| Opus (and all prior Claude models) still do not correctly answer the Sally question, unfortunately: Q: Sally (a girl) has 3 brothers. Each brother has 2 sisters. How many sisters does Sally have? A: Okay, let's organize the information we have: Sally is a girl.
Sally has 3 brothers.
Each of Sally's brothers has 2 sisters.
Now, let's think about this step by step: We know that Sally is a girl, so she is a sister to her brothers.
Each of Sally's brothers has 2 sisters. One of these sisters is Sally, but who is the other sister?
Since Sally has only brothers and no other sisters are mentioned, we can conclude that the other sister for each brother is also Sally. Therefore, Sally has no sisters other than herself.
So, the answer is that Sally has 0 sisters. https://imgur.com/a/EawcbeL |
GPT4 w/ CoT system prompting gets it right:
SYS: "You are a helpful assistant. Think through your work step by step before providing your answer."
USER: "Sally (a girl) has 3 brothers. Each brother has 2 sisters. How many sisters does Sally have?"
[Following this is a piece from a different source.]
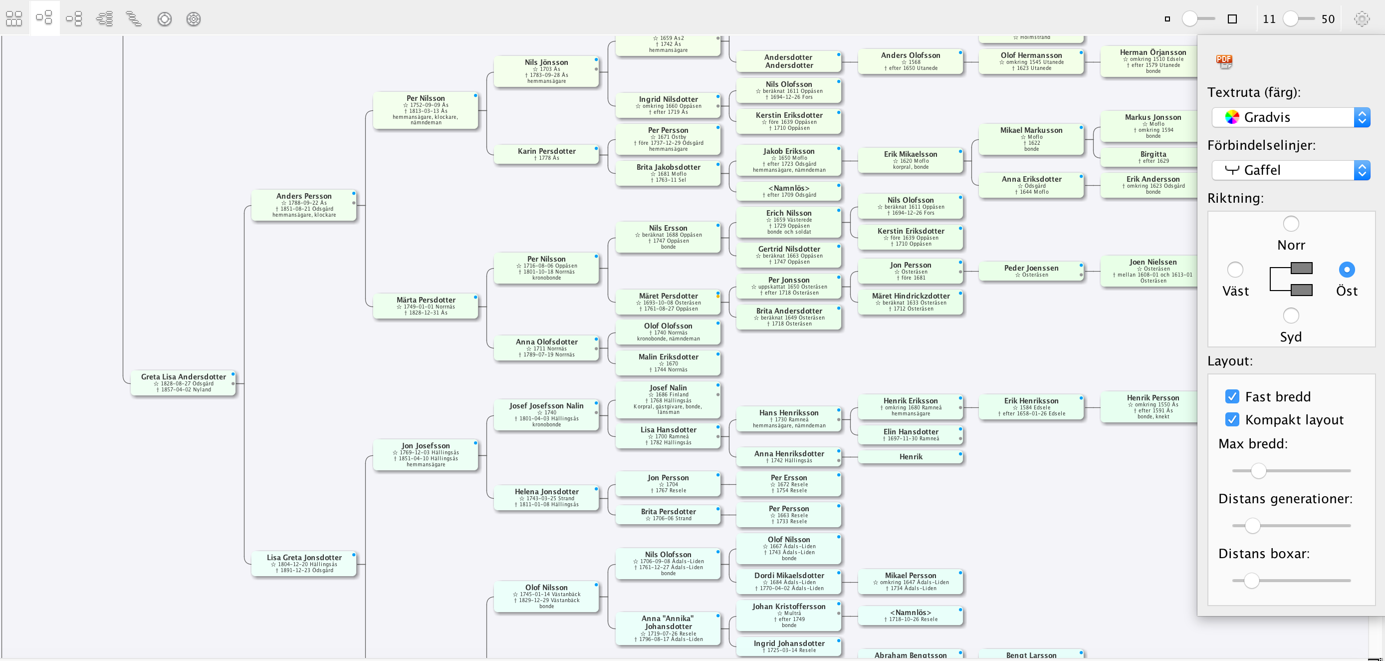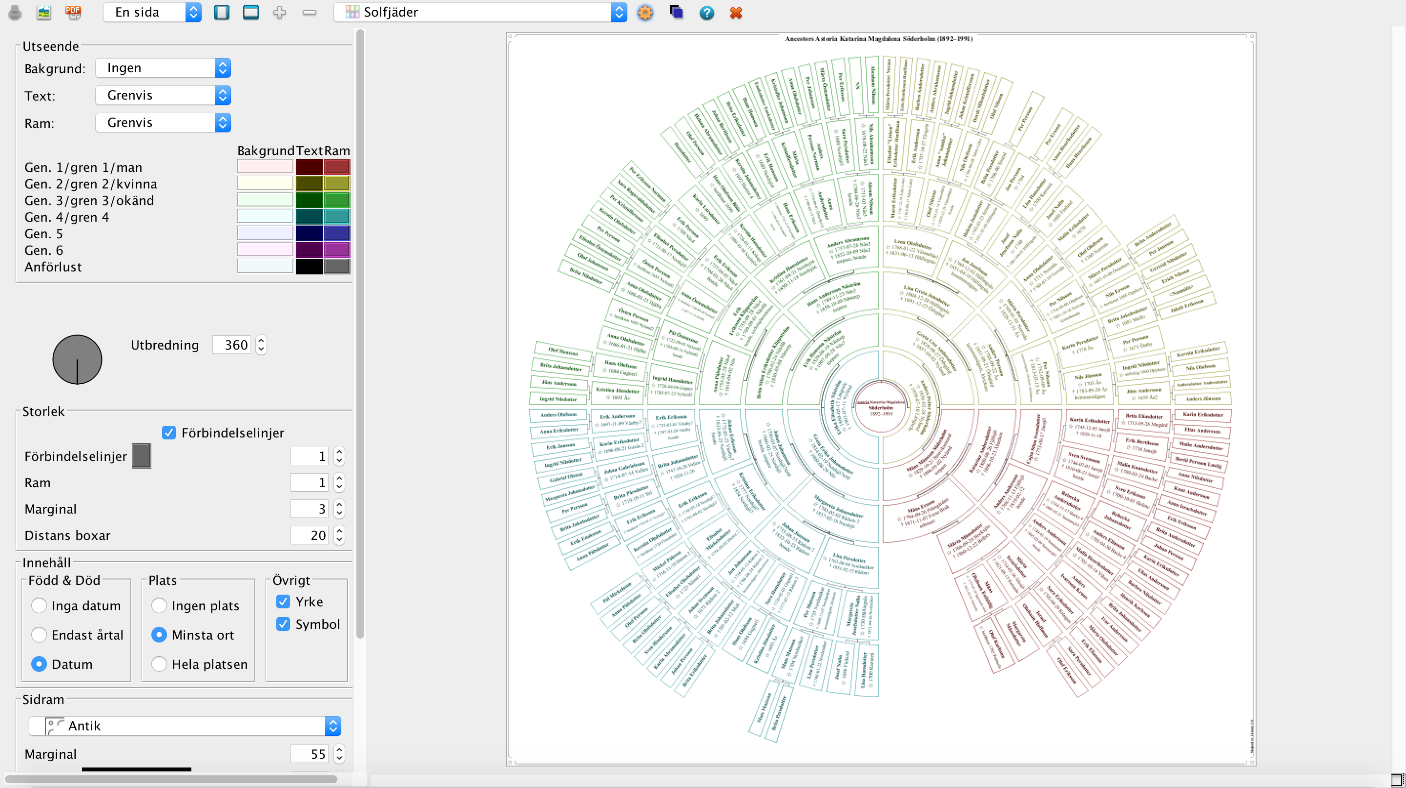 Du ändrar inställningar för utskrifter av planscher och cirkeldiagram genom att klicka på det gula kugghjulet i förhandsgranskningen av utskriften. Och om du håller shift nedtryckt när du ändrar färg för bakgrund, text eller ram så ändras alla generationerna till den färgen.
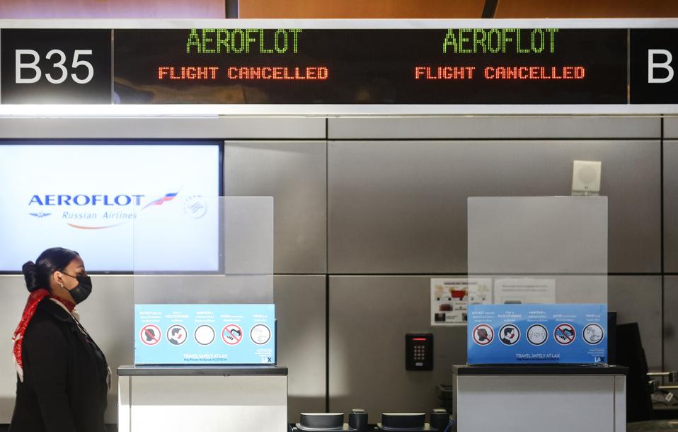 Flights to and from Russia have been cancelled, obviously. But flights from the U.S. or London to Asia now fly much further south to avoid Russian airspace. Flights are longer and burn more fuel, costs that will be passed on to passengers. Meanwhile, polar flights from the U.S. to Asia can no longer use Russia as alternate airports even in case of emergency, according to USA Today.

ASSIST: "Let's break down the information given:
1. Sally has 3 brothers. 2. Each brother has 2 sisters.
Given that Sally is a girl, she is one of the sisters. Since each brother has 2 sisters and we know Sally is one of them, there must be one more sister to make the statement true for each brother.
Therefore, Sally has 1 sister."
The importance of prompting makes it quite difficult to compare model peak performance. Especially since different models have different styles of prompts that generate peak performance.